_DATASET ENTRIES_.
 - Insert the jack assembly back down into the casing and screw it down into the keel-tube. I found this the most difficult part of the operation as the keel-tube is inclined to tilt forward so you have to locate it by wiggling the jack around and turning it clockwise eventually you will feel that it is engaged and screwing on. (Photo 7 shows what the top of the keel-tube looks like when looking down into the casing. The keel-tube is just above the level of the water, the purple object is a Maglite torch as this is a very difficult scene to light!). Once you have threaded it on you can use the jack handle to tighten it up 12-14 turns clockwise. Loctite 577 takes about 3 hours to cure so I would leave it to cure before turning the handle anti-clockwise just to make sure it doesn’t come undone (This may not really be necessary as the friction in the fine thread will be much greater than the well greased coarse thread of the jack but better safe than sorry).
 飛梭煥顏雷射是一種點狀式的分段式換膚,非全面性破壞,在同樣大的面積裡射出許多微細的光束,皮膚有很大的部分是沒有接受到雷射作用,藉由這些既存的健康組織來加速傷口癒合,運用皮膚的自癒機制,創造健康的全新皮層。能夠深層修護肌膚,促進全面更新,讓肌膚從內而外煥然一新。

---

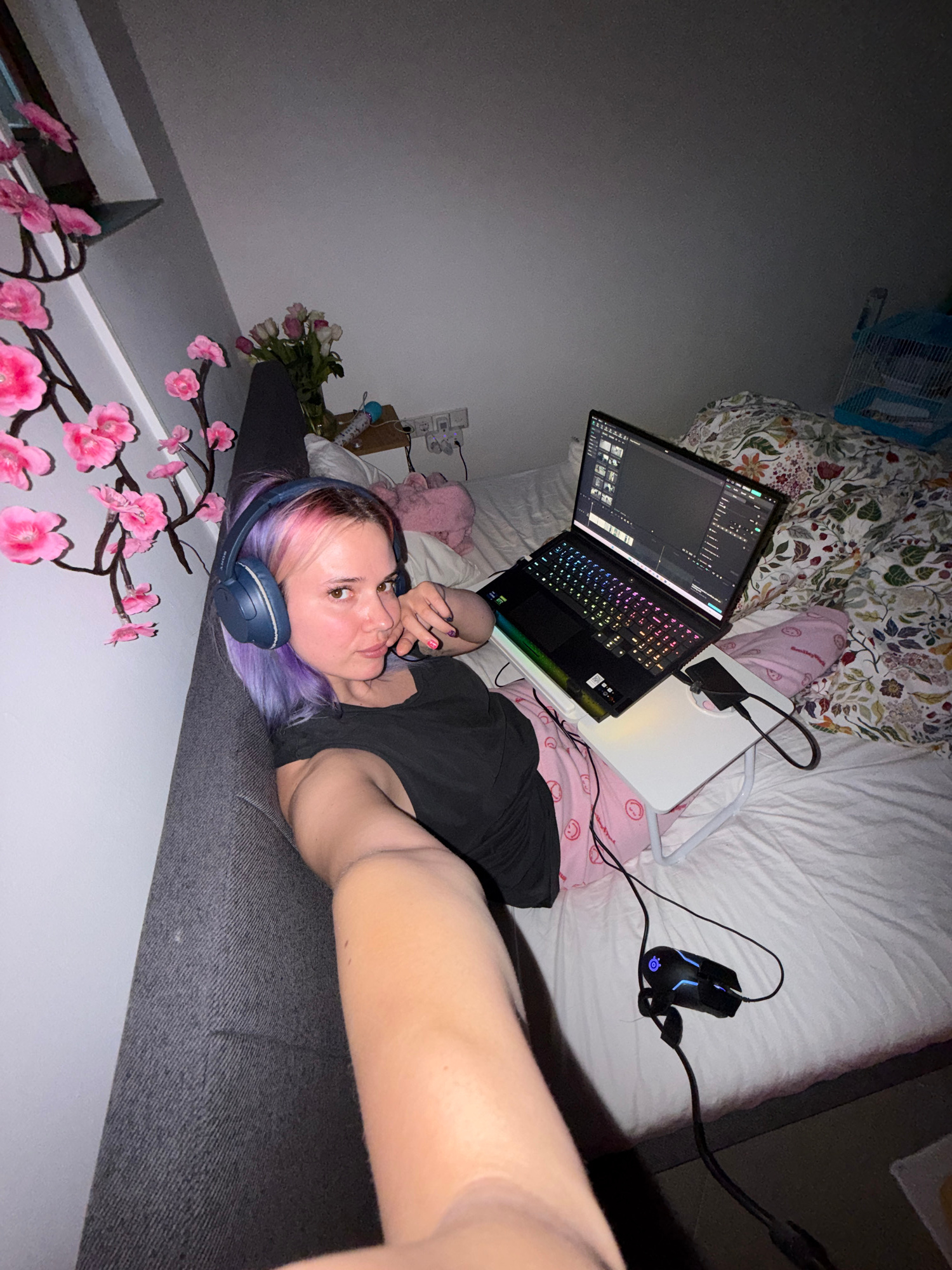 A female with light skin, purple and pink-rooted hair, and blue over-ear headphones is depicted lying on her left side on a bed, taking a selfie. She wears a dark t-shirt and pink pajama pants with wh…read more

_EXERCISE OBJECTIVE_.
For this exercise, please output exactly the lines above starting at the line with "- Insert the" and ending at the line with "飛梭煥顏雷射是一種點狀式的分", ends included.

_RESULT OF THE TASK_.
 - Insert the jack assembly back down into the casing and screw it down into the keel-tube. I found this the most difficult part of the operation as the keel-tube is inclined to tilt forward so you have to locate it by wiggling the jack around and turning it clockwise eventually you will feel that it is engaged and screwing on. (Photo 7 shows what the top of the keel-tube looks like when looking down into the casing. The keel-tube is just above the level of the water, the purple object is a Maglite torch as this is a very difficult scene to light!). Once you have threaded it on you can use the jack handle to tighten it up 12-14 turns clockwise. Loctite 577 takes about 3 hours to cure so I would leave it to cure before turning the handle anti-clockwise just to make sure it doesn’t come undone (This may not really be necessary as the friction in the fine thread will be much greater than the well greased coarse thread of the jack but better safe than sorry).
 飛梭煥顏雷射是一種點狀式的分段式換膚,非全面性破壞,在同樣大的面積裡射出許多微細的光束,皮膚有很大的部分是沒有接受到雷射作用,藉由這些既存的健康組織來加速傷口癒合,運用皮膚的自癒機制,創造健康的全新皮層。能夠深層修護肌膚,促進全面更新,讓肌膚從內而外煥然一新。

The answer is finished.